DATA:
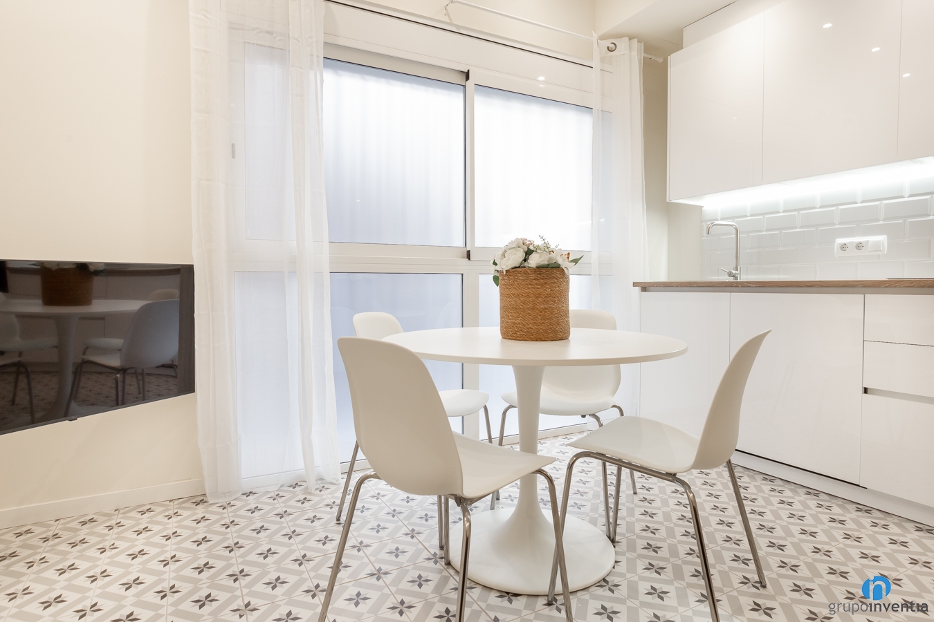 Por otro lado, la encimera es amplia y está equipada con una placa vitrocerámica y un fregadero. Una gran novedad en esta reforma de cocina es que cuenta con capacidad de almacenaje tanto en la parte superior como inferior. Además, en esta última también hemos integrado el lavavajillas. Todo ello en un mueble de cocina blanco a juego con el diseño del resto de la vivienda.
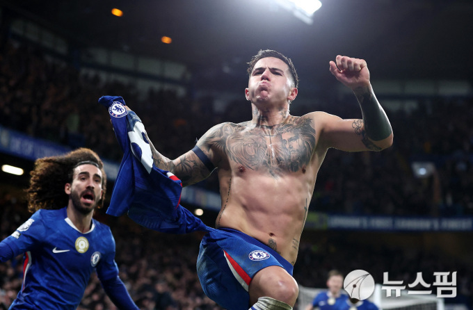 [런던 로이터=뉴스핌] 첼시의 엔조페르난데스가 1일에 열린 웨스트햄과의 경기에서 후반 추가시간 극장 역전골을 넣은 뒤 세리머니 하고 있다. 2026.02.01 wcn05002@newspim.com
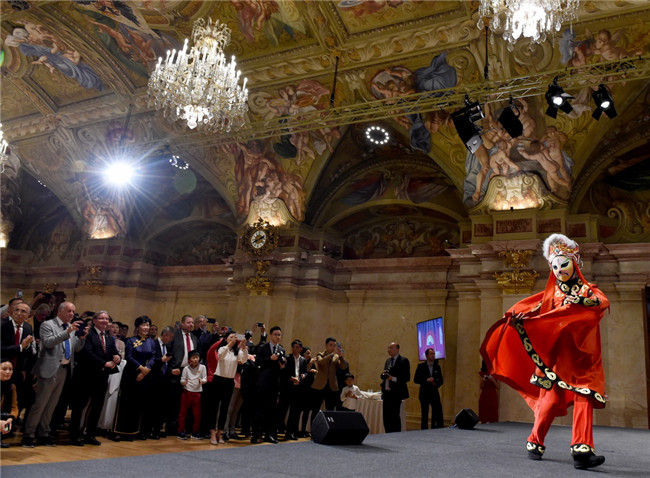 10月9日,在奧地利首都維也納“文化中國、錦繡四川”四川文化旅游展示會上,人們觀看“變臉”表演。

==

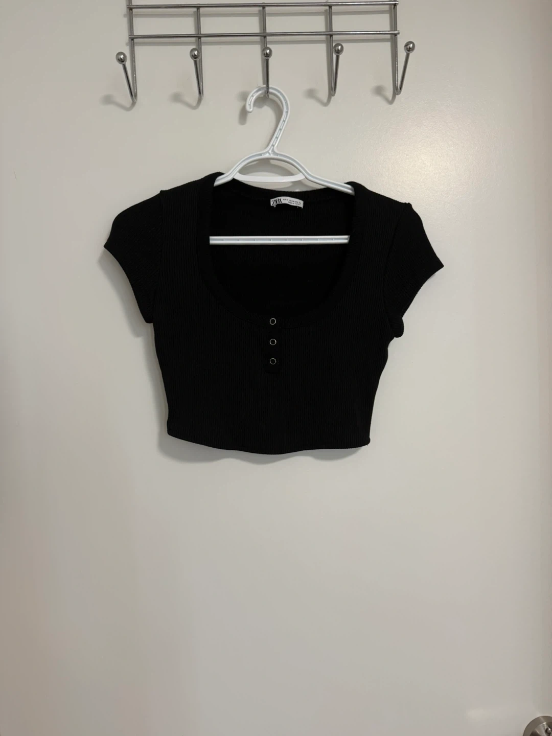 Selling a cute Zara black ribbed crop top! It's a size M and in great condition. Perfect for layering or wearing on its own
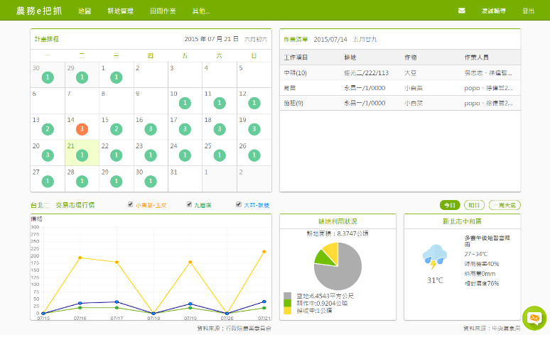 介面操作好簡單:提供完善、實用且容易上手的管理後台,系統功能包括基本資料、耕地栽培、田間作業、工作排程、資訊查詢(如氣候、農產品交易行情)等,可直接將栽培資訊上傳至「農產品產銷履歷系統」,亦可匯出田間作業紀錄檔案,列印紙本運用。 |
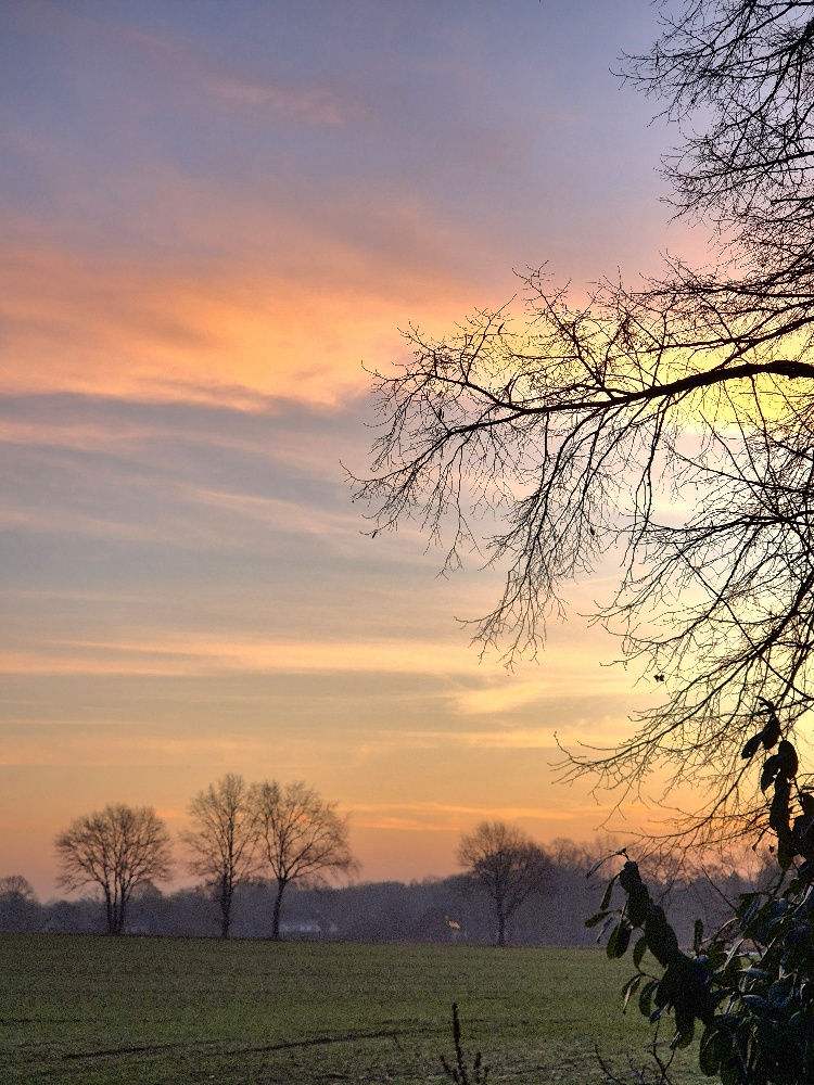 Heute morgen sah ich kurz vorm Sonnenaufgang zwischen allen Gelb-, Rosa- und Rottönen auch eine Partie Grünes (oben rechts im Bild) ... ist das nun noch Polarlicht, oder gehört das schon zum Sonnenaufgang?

* * *

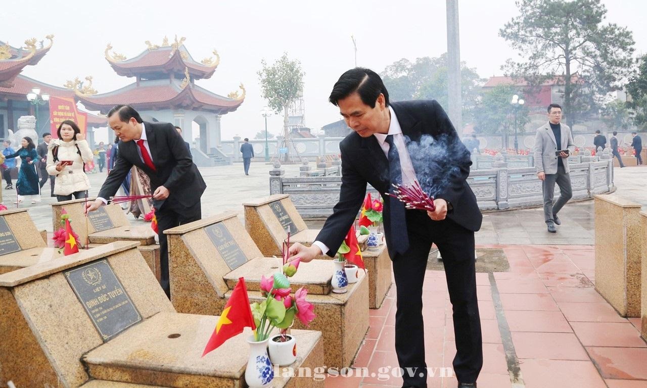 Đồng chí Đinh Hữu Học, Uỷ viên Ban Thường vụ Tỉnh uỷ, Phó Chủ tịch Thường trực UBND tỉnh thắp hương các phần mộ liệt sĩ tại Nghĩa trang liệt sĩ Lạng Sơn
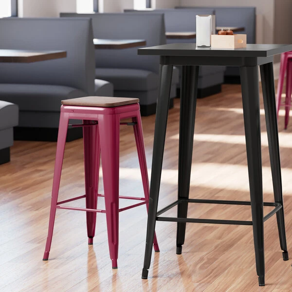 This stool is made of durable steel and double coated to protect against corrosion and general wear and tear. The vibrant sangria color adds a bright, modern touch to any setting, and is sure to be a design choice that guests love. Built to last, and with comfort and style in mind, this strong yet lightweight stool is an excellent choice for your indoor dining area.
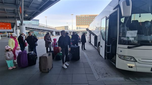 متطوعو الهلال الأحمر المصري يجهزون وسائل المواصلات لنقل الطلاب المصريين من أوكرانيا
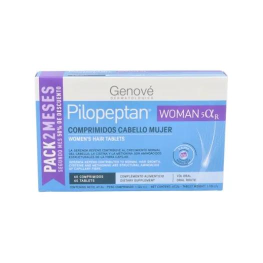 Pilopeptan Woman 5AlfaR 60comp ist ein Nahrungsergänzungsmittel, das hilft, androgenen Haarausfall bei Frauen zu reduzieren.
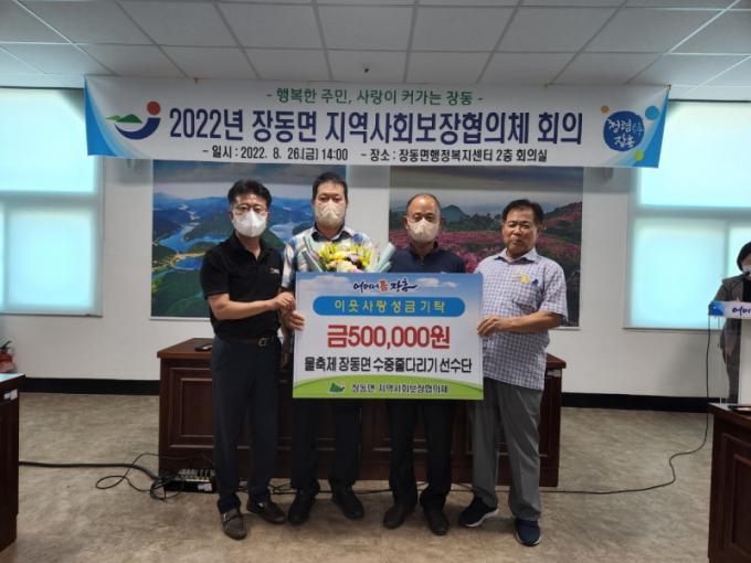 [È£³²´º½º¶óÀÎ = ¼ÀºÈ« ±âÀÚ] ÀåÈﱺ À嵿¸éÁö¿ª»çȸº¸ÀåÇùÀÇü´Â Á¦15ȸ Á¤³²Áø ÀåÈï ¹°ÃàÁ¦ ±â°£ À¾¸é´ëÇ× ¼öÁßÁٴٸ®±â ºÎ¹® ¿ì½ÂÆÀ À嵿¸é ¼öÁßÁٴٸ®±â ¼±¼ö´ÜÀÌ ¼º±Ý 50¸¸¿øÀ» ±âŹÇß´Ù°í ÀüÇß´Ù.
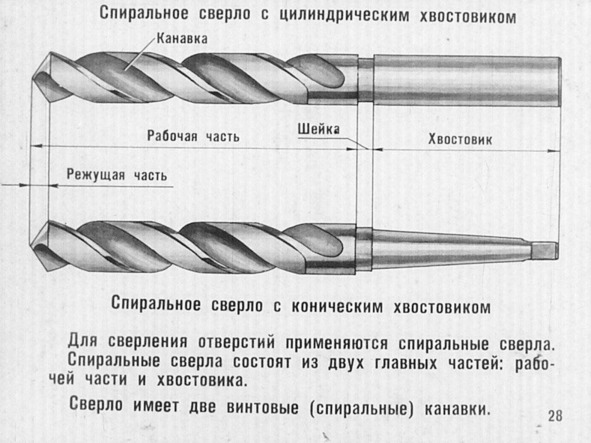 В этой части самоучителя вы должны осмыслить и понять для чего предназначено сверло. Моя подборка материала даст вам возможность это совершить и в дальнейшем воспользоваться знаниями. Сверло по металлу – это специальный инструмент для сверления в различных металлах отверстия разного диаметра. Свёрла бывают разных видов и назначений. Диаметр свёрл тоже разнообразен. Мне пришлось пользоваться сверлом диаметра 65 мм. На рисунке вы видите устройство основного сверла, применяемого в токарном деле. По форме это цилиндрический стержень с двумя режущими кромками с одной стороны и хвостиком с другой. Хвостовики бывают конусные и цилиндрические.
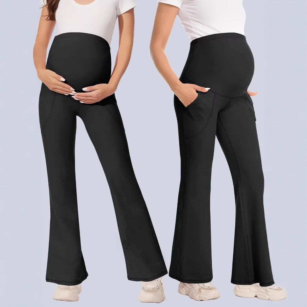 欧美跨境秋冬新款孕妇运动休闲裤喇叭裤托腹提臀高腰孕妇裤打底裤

TASK REQUIREMENTS: Output exactly those lines of the data above that run from the line with "Á¦15ȸ Á¤³²Áø ÀåÈï" up to and including the line with "欧美跨境秋冬新款孕妇运动休闲裤喇叭裤托腹提臀高腰孕妇裤打底裤". No pictures go in.

EXERCISE RESPONSE:
 [È£³²´º½º¶óÀÎ = ¼ÀºÈ« ±âÀÚ] ÀåÈﱺ À嵿¸éÁö¿ª»çȸº¸ÀåÇùÀÇü´Â Á¦15ȸ Á¤³²Áø ÀåÈï ¹°ÃàÁ¦ ±â°£ À¾¸é´ëÇ× ¼öÁßÁٴٸ®±â ºÎ¹® ¿ì½ÂÆÀ À嵿¸é ¼öÁßÁٴٸ®±â ¼±¼ö´ÜÀÌ ¼º±Ý 50¸¸¿øÀ» ±âŹÇß´Ù°í ÀüÇß´Ù.
 В этой части самоучителя вы должны осмыслить и понять для чего предназначено сверло. Моя подборка материала даст вам возможность это совершить и в дальнейшем воспользоваться знаниями. Сверло по металлу – это специальный инструмент для сверления в различных металлах отверстия разного диаметра. Свёрла бывают разных видов и назначений. Диаметр свёрл тоже разнообразен. Мне пришлось пользоваться сверлом диаметра 65 мм. На рисунке вы видите устройство основного сверла, применяемого в токарном деле. По форме это цилиндрический стержень с двумя режущими кромками с одной стороны и хвостиком с другой. Хвостовики бывают конусные и цилиндрические.
 欧美跨境秋冬新款孕妇运动休闲裤喇叭裤托腹提臀高腰孕妇裤打底裤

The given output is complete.